Although far from the lifetime-limited linewidth of Γ₁ = 169 kHz [7] and ∼100 times larger than the values we report in bulk samples, these values for Γ_sd of implanted T centres in CZ SOI are already competitive with other solid state emitters near interfaces. It is common for spectral diffusion in defect centres that lack inversion symmetry to be on the order of several GHz in the absence of careful surface treatment or experimental protocols [17, 35–38]. With minimal optimization, implanted T centres display ∼1 GHz characteristic spectral diffusion, and this could be minimized further as fabrication and measurement techniques continue to develop. Moreover, the characteristic spectral diffusion reported here is a long-term, ensemble average. Individual centres within this ensemble could have much lower Γ_sd [9, 19], and any slowly varying effects that contribute to this long-term average might be addressed by feedback or filtering techniques [20, 21].

To estimate the effect spectral diffusion will have on the performance of a T centre-based photon-spin interface, we calculate the indistinguishability of two photons emitted by a given T centre as I = ξΓ₁/(ξΓ₁ + Γ_sd) where ξ = 0.23 is the T centre Debye–Waller factor [7, 22, 41]. For our bulk and SOI samples, respectively, we find I ∼ 2 × 10⁻³ and I ∼ 4 × 10⁻⁵. We stress that both of these values can likely be improved by employing fabrication or measurement techniques designed to stabilize the electromagnetic environment [16–19] or by filtering the emitted photons [20, 21]. Moreover, embedding T centres inside optical resonators can Purcell enhance Γ₁ to increase the photon indistinguishability. Optical resonators in SOI capable of demonstrating Purcell factors above 10⁴ have already been demonstrated [42]. Because the T centre radiative efficiency is expected to be near-unity [7], T centres incorporated into such an optical cavity could provide high quality photon-spin interfaces in the telecommunications O-band.

In summary, we have demonstrated a reliable method for using ion implantation and annealing treatments to incorporate T centres into industry-standard silicon integrated photonics material. We then developed an efficient method for using spin-dependent optical transitions to benchmark spectral diffusion. Finally, we used this new technique to show that implanted T centres within a 220 nm SOI device layer can display GHz-scale levels of spectral diffusion with minimal optimization. These results represent an important step towards developing fully-integrated quantum technologies in silicon.
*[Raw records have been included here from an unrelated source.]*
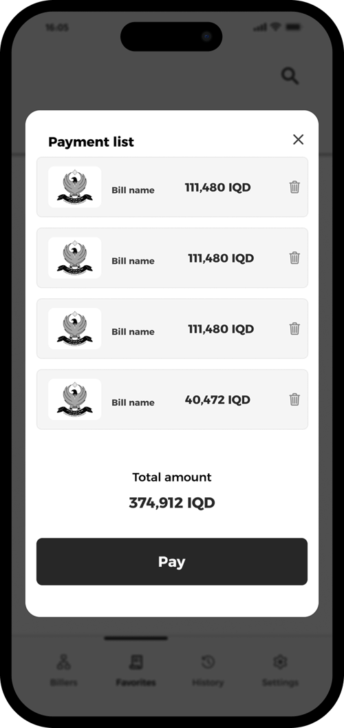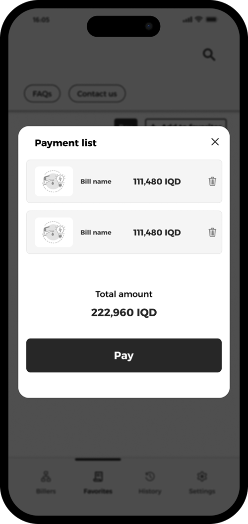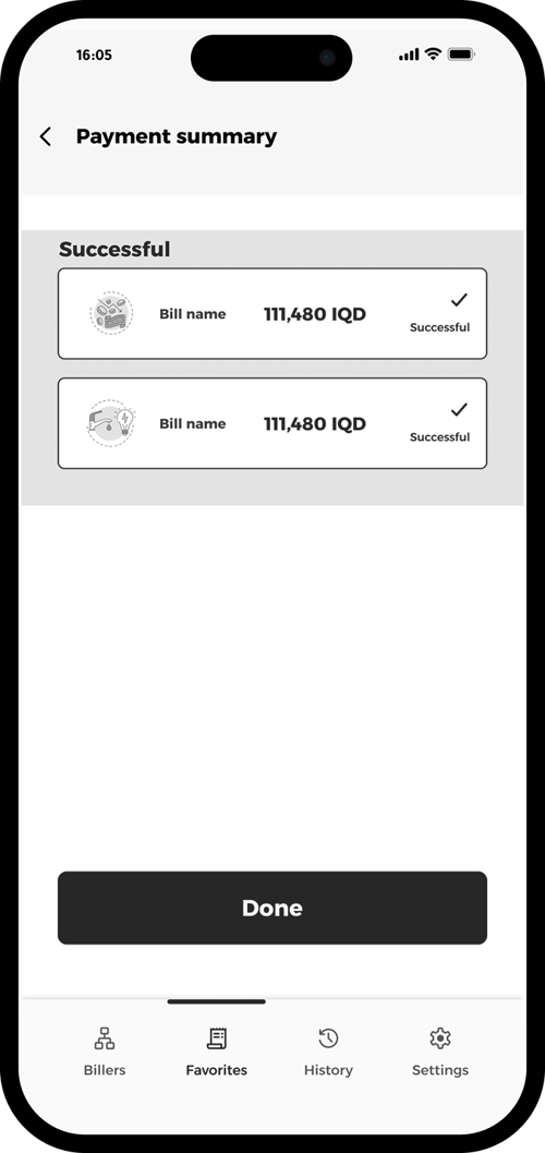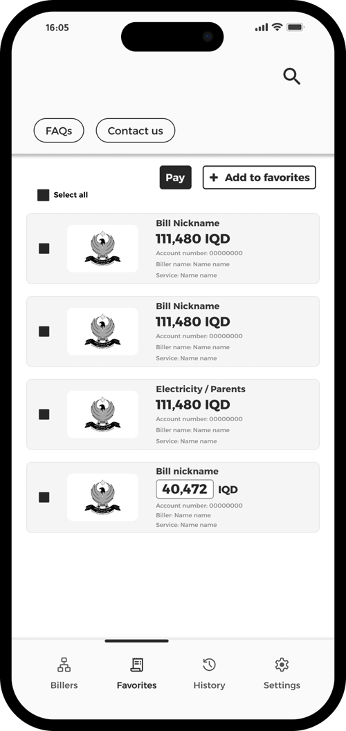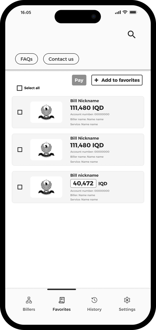 Return to Favorites, select the bills you want to pay, and tap “Pay”.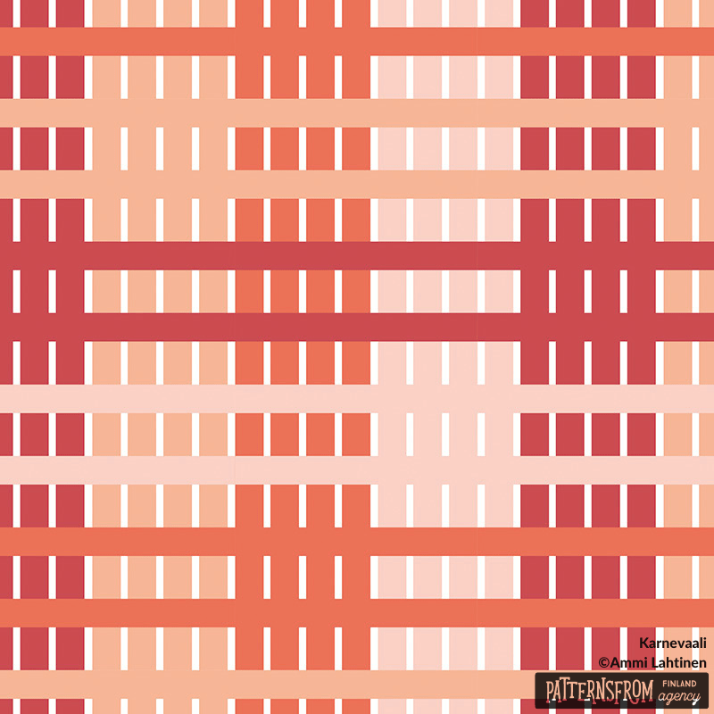The fourth set of three patterns is about horizontal lines. The first pattern of them could be also considered checked, but nevertheless, it is called ‘Karnevaali’ and it is designed by Ammi Lahtinen. Formed of horizontal and vertical lines, the pattern ‘Karnevaali’ is a simple, yet strong abstract design based on a sketch made of woven paper strips. The pattern can be altered a lot with the number of colors used or by changing the scale.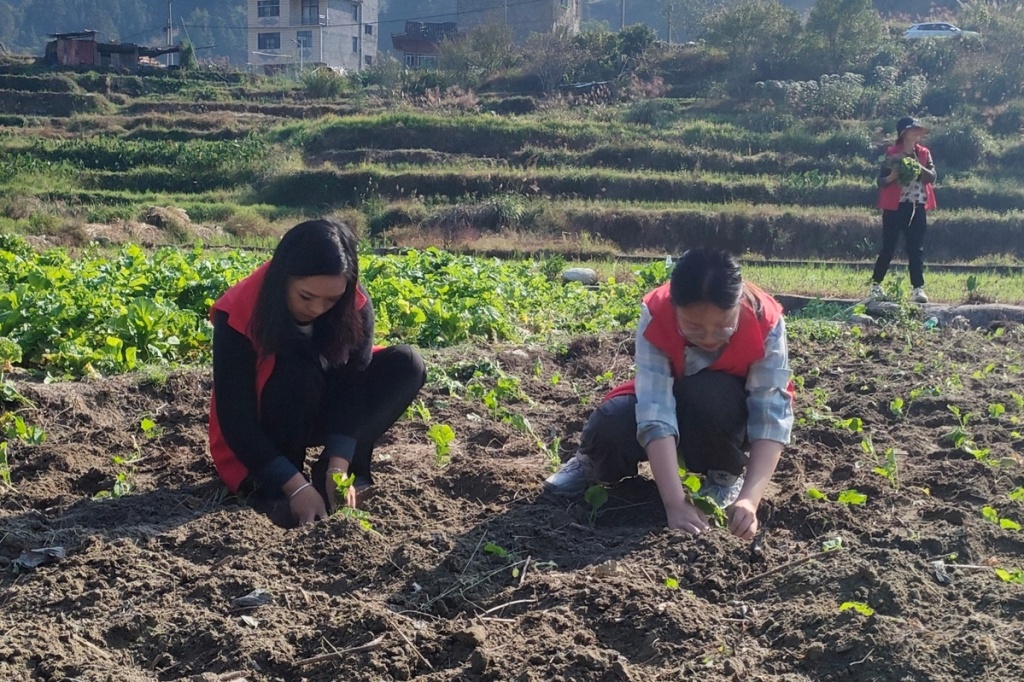 石倩(中)和村干部帮助村民移栽油菜苗。(桥乌村村委会供图)

This work was supported by the Natural Sciences and Engineering Research Council of Canada (NSERC), the Canada Research Chairs program (CRC), the Canada Foundation for Innovation (CFI), the BC. Knowledge Development Fund (BCKDF), the Canadian Institute for Advanced Research (CIFAR) Quantum Information Science program, the CIFAR Catalyst Fund, and Le Fonds de recherche du Québec-Nature et technologies (FRQNT). The ²⁸Si samples used in this study were prepared from the Avo28 crystal produced by the International Avogadro Coordination (IAC) Project (2004–2011) in cooperation among the BIPM, the INRIM (Italy), the IRMM (EU), the NMIA (Australia), the NMIJ (Japan), the NPL (UK), and the PTB (Germany).

We thank M L W Thewalt, L Childress, and N R Lee-Hone for fruitful discussions as well as N V Abrosimov for bulk sample growth and C Clément for rapid thermal annealing. SS is the founder and chief quantum officer of Photonic Inc. ERM, KJM and SS are employees of and participants in incentive stock plans at Photonic Inc. The other authors declare that they have no competing interests.

The data that support the findings of this study are available upon reasonable request from the authors.